Der Verwaltungsgerichtshof hat durch den Vorsitzenden Senatspräsident Dr. Kadecka und die Hofräte Dr. Karlik, Dr. Simon, Dr. Kirschner und Dr. Schubert als Richter, im Beisein der Schriftführerin Ministerialsekretär Papp, über die Beschwerde der Luise M. in R, vertreten durch Dr. Dkfm. Kurt Sailer, Rechtsanwalt in Ried im Innkreis, Roßmarkt 1, gegen den Bescheid (Berufungsentscheidung) der Finanzlandesdirektion für Oberösterreich vom , Zl. 173/3-3/Ae-76, betreffend Einkommensteuervorauszahlung für 1976 zu Recht erkannt:

Spruch

Die Beschwerde wird als unbegründet abgewiesen.
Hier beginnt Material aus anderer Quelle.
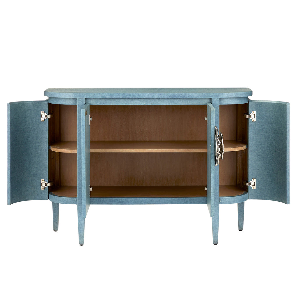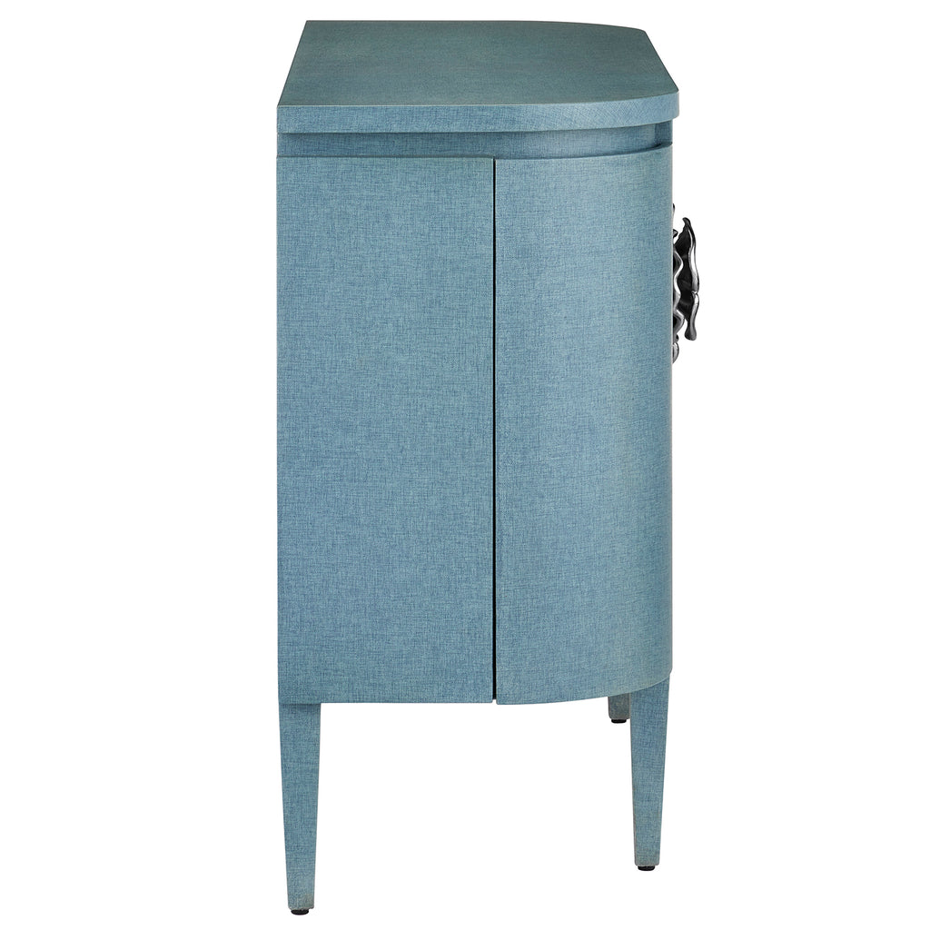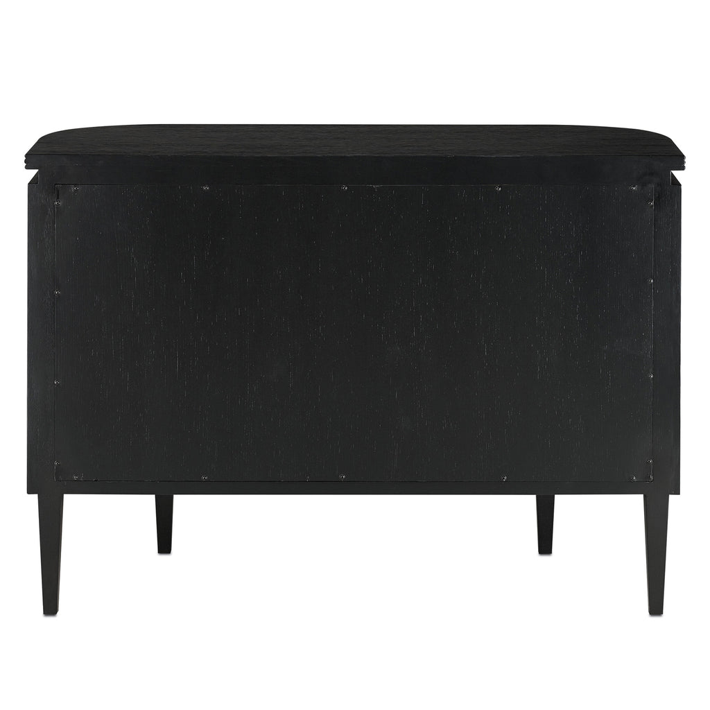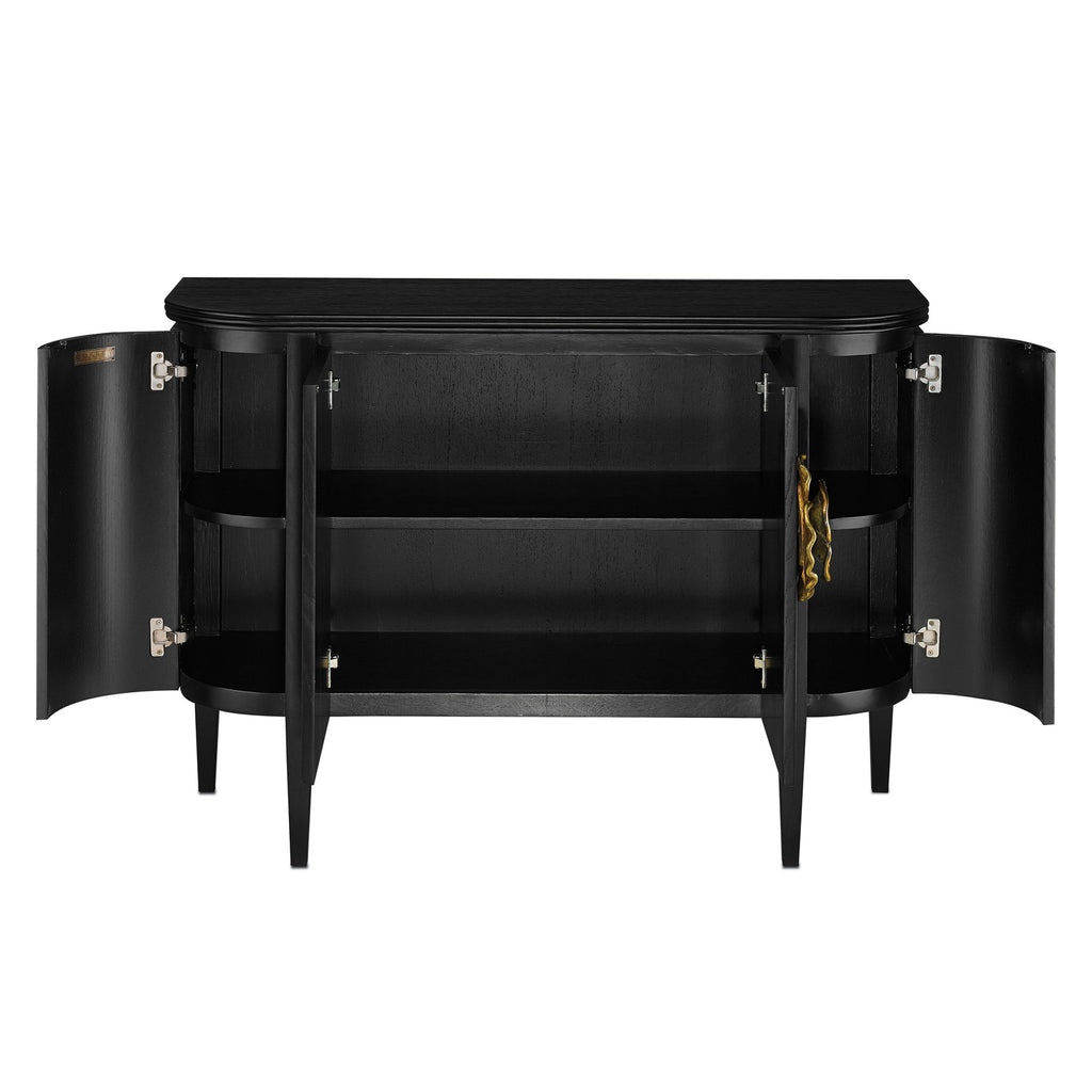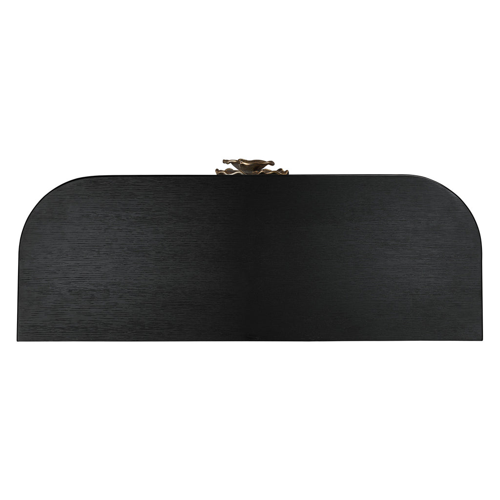 Stunning in its simplicity of lines and its artful hardware, the Briallen Demi-Lune has an elegant winter gray or caviar black stained wood and an impressively sized cast aluminum flower pull in steals the show. The stylized floral accent that serves as the pull makes this cabinet a bit of haute couture for a space. Design details include soft-close door hinges and adjustable glides. Place it in a beautifully designed boudoir for its form and function.

Die Beschwerdeführerin hat dem Bund Aufwendungen in der Höhe von S 900,-- binnen zwei Wochen bei sonstiger Exekution zu ersetzen.

Begründung

Die Beschwerdeführerin ist die Witwe des am verstorbenen Industriellen Franz M. Der Verstorbene war unter anderem Alleineigentümer der Firma Franz M., Fettwerke in R. In einem Testament vom setzte Franz M. seinen Adoptivsohn und leiblichen Neffen Kurt M. zum Alleinerben ein. Der Beschwerdeführerin vermachte er ein lebenslängliches, unentgeltliches Wohnrecht in einem Haus in R., das später in ein uneingeschränktes Fruchtgenußrecht umgewandelt wurde. Weiters vermachte er der Beschwerdeführerin das gesamte Inventar des Hauses und seiner Nebengebäude. Schließlich bestimmte Franz M. im Testament "zum Unterhalte meiner Gattin" ein Legat in Form einer monatlichen, wertgesicherten und grundbücherlich sicherzustellenden Leibrente bis zu ihrem Ableben in Höhe von S 50.000,-- monatlich. Nach den unwidersprochenen Feststellungen des angefochtenen Bescheides verfügte Franz M. auch, daß das Heizöl für das genannte Haus unentgeltlich beizustellen sei, außerdem die Zentralheizung auf Betriebskosten zu warten wäre und der Erbe der Beschwerdeführerin einen Pkw der 2-Literklasse zur Verfügung zu stellen habe, wobei auch sämtliche Betriebskosten von ihm getragen werden müßten.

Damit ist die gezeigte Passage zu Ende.